# Finally a deal... 1TB SSDs for $189



## cadenzajon (Dec 12, 2016)

For anyone else looking for good SSD prices since Black Friday...
https://www.smithbuy.com/micron-1tb-2-5-sata-solid-state-drive-mtfddak1t0mbf-1an1zabyy.html

They accept Paypal and Amazon as checkout, so your purchase is protected regardless of the fact that this is less of a mainstream merchant than the big box stores.

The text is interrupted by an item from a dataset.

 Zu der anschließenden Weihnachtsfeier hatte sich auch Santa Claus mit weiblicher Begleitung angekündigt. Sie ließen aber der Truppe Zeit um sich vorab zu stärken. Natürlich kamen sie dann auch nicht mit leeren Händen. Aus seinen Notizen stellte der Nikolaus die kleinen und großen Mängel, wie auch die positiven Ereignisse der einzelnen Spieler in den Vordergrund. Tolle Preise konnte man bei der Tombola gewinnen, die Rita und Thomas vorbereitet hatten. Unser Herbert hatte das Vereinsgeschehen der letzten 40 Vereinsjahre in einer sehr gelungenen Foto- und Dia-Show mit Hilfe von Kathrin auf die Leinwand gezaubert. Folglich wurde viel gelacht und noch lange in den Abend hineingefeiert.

Here's a full review on the Micron brand and drive:
http://www.anandtech.com/show/8528/micron-m600-128gb-256gb-1tb-ssd-review-nda-placeholder


----------



## synthpunk (Dec 12, 2016)

I believe Micron is made by crucial or vice a versa so it should be I say should be a safe bet I'm going to order one now


----------



## Matt Riley (Dec 12, 2016)

Are these good for streaming samples?


----------



## cadenzajon (Dec 12, 2016)

Yes.


----------



## NameOfBand (Dec 12, 2016)

Hmm, why the wierd picture? Are these any good? Is it a safe site to buy from?


----------



## cadenzajon (Dec 12, 2016)

No red flags so far... and the drives appear to have a fine reputation.


----------



## synthpunk (Dec 14, 2016)

Mine came today, a day early I just formatted it and it's working great no complications

Nice to have CSS, Tundra, and some other things on their own SSD now


----------



## jonnybutter (Dec 14, 2016)

Out of stock


----------



## kitekrazy (Dec 14, 2016)

jonnybutter said:


> *Out of stock *



My least favorite flavor of SSDs.


----------